## [Action item]
From the listing below, please restate exactly the lines beginning at the one with "Corwin is the" and ending at the one with "近日,教育部官网发文,同意合", both included, and skip the pictures.

## [Exercise data]
• • • • • • •

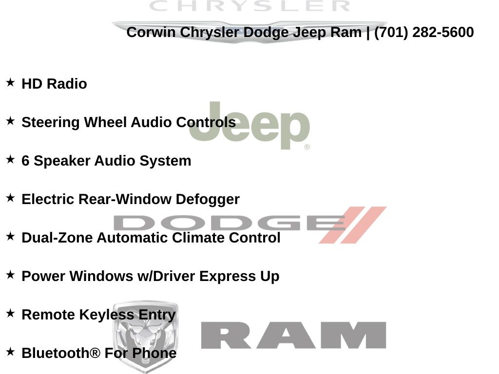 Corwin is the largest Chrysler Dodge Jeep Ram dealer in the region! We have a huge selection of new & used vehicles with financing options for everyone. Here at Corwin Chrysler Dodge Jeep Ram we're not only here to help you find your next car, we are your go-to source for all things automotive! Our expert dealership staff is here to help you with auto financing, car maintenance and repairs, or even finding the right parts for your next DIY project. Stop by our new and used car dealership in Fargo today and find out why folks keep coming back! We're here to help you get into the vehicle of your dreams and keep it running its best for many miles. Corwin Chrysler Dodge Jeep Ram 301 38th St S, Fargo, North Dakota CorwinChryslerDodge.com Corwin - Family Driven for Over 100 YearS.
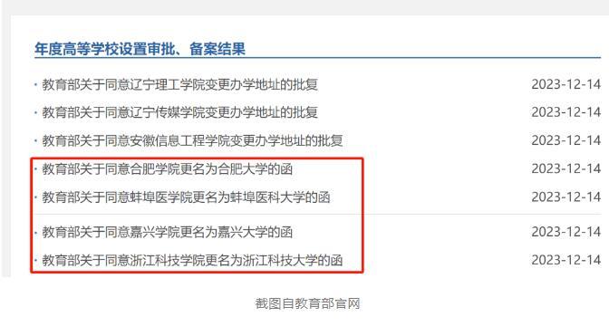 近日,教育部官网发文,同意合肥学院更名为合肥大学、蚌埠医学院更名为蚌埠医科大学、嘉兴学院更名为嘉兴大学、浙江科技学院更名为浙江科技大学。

• • • • • • •

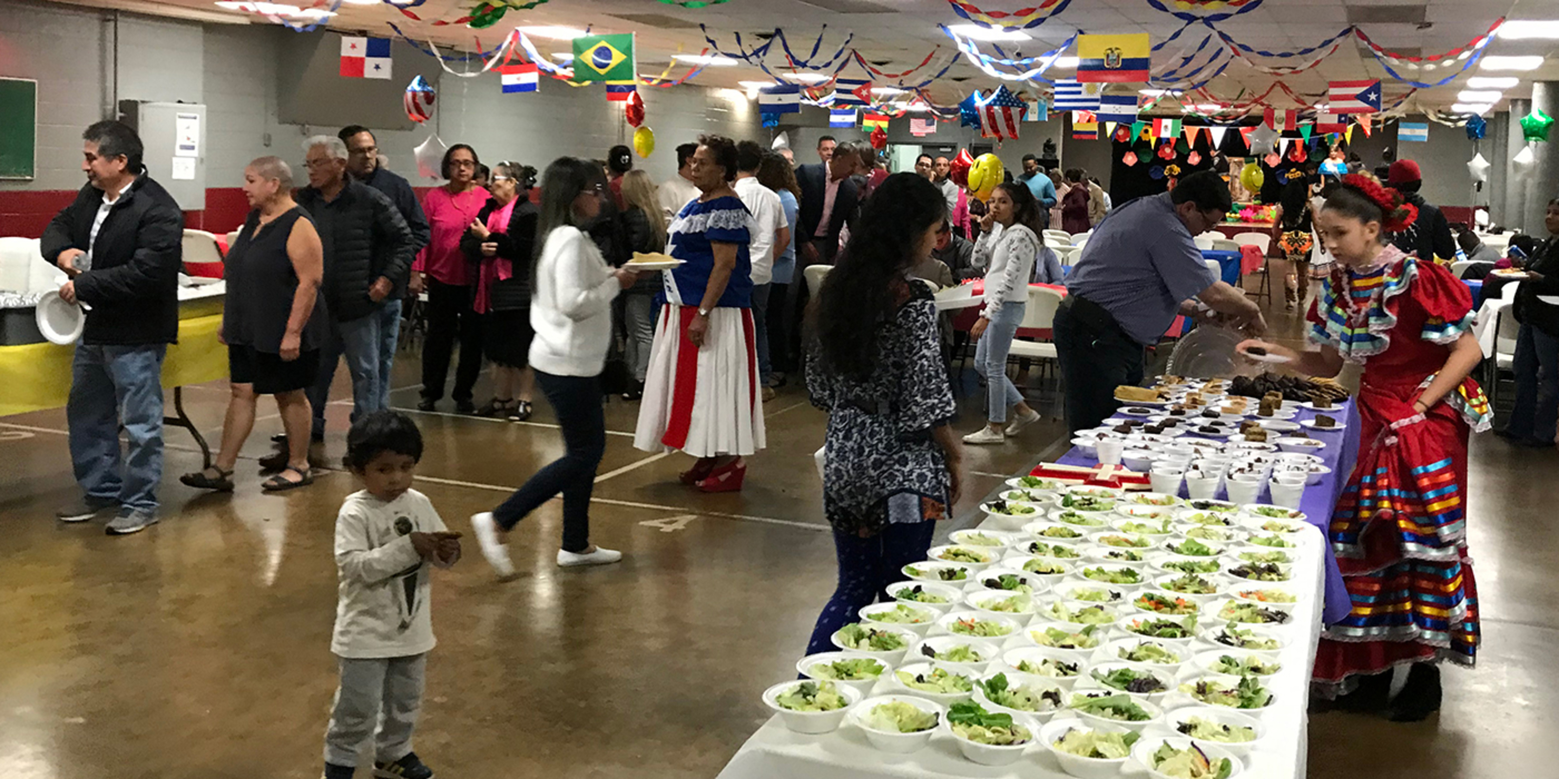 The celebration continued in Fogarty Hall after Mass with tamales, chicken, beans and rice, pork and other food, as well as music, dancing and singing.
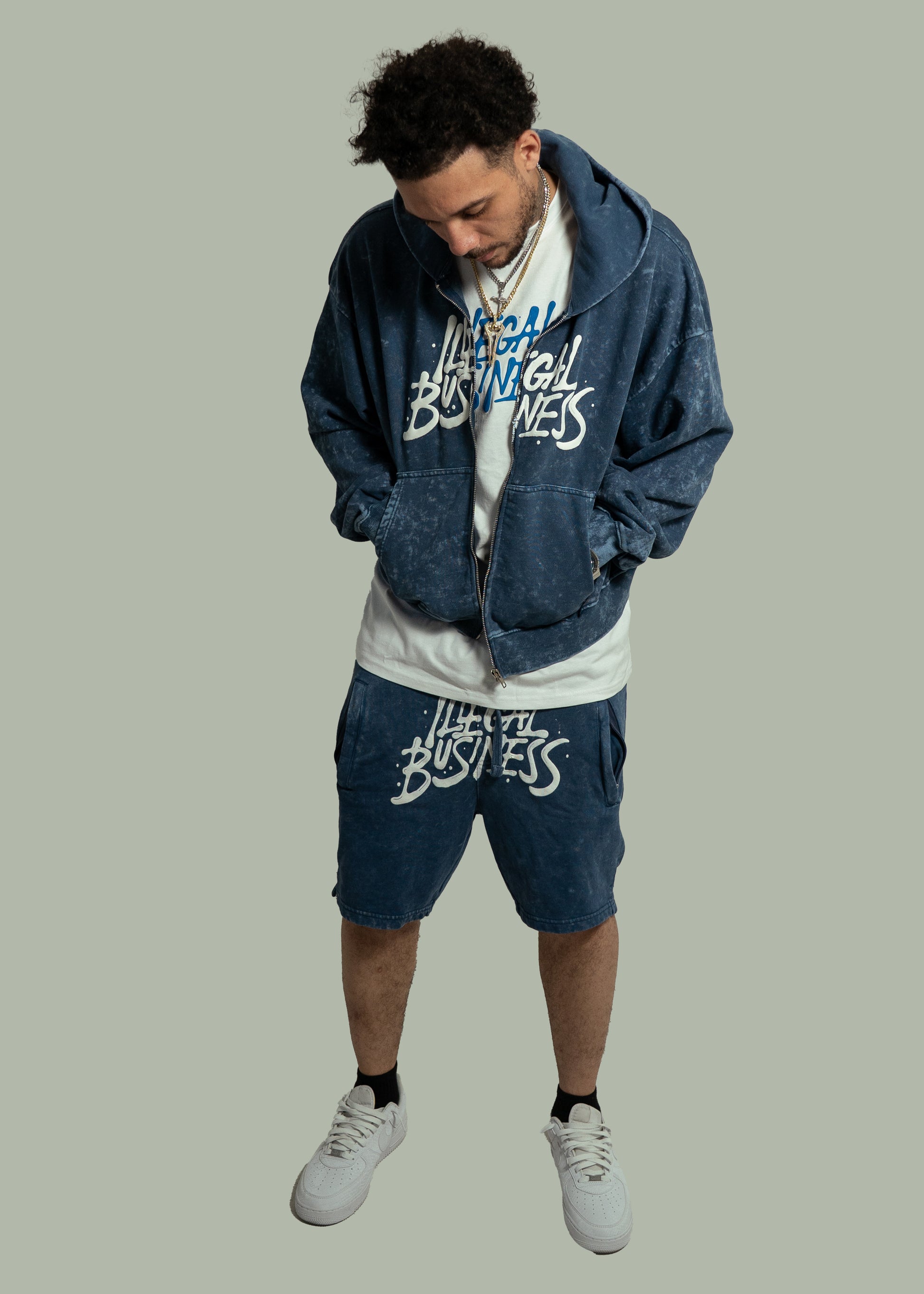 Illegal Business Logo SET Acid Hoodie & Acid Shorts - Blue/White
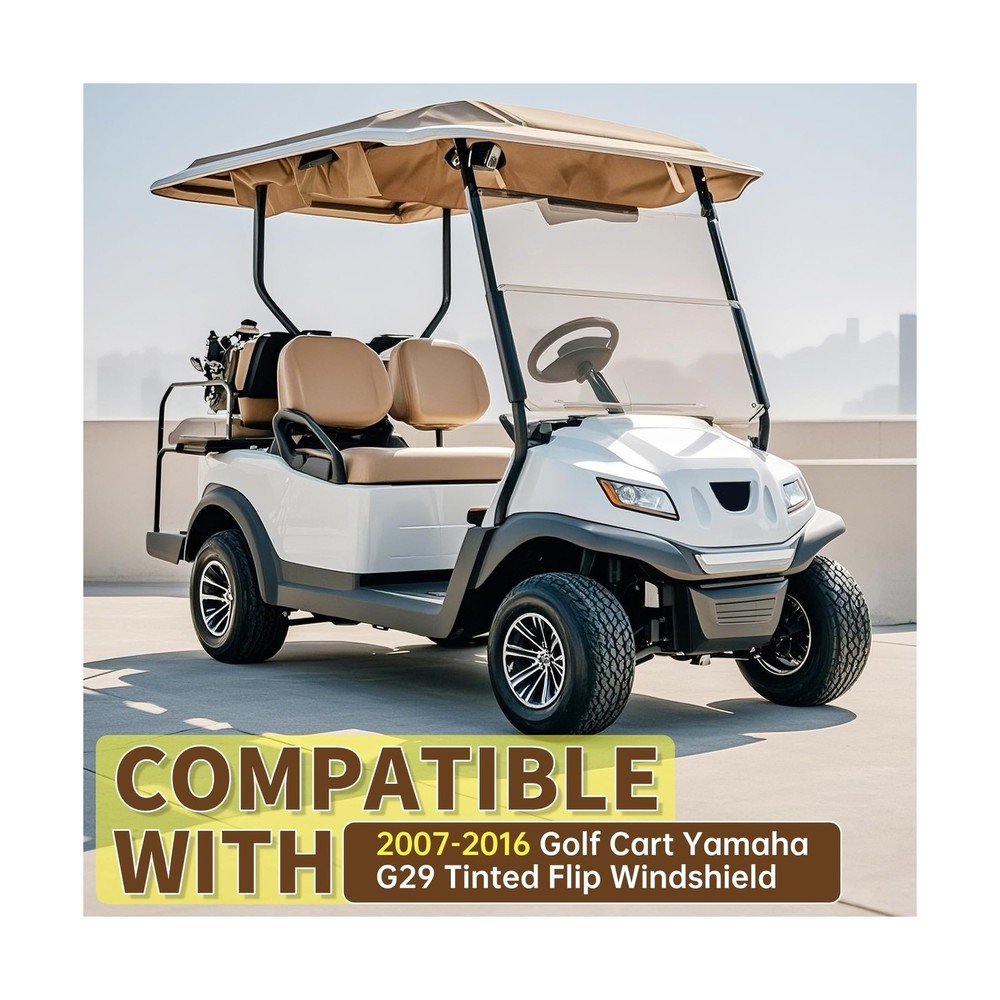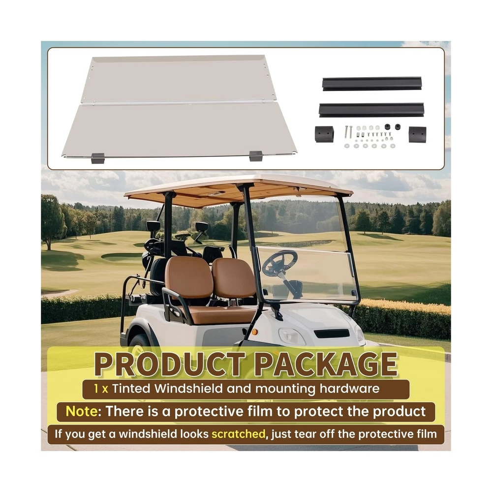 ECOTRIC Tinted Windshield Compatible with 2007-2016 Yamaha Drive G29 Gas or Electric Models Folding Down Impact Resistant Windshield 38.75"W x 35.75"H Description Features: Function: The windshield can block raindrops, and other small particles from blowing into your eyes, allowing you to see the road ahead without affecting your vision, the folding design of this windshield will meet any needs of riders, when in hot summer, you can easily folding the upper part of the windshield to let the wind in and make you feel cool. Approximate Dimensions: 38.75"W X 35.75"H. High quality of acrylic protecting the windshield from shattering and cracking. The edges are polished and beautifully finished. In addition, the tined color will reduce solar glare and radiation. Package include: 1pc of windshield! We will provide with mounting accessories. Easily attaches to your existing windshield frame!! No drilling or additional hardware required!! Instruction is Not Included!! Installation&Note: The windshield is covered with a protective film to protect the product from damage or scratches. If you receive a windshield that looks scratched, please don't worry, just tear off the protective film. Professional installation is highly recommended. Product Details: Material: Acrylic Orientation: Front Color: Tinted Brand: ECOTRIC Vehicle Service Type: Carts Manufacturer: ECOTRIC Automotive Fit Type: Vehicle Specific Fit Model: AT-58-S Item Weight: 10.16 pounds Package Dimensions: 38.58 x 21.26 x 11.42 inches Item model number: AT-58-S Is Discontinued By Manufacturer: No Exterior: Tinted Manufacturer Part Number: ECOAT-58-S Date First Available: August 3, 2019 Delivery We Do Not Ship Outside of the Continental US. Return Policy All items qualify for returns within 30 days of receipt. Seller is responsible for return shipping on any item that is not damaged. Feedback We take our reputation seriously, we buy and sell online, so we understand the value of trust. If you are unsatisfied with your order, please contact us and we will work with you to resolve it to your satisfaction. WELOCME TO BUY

• • • • • • •

## [Response for this exercise]
 Corwin is the largest Chrysler Dodge Jeep Ram dealer in the region! We have a huge selection of new & used vehicles with financing options for everyone. Here at Corwin Chrysler Dodge Jeep Ram we're not only here to help you find your next car, we are your go-to source for all things automotive! Our expert dealership staff is here to help you with auto financing, car maintenance and repairs, or even finding the right parts for your next DIY project. Stop by our new and used car dealership in Fargo today and find out why folks keep coming back! We're here to help you get into the vehicle of your dreams and keep it running its best for many miles. Corwin Chrysler Dodge Jeep Ram 301 38th St S, Fargo, North Dakota CorwinChryslerDodge.com Corwin - Family Driven for Over 100 YearS.
 近日,教育部官网发文,同意合肥学院更名为合肥大学、蚌埠医学院更名为蚌埠医科大学、嘉兴学院更名为嘉兴大学、浙江科技学院更名为浙江科技大学。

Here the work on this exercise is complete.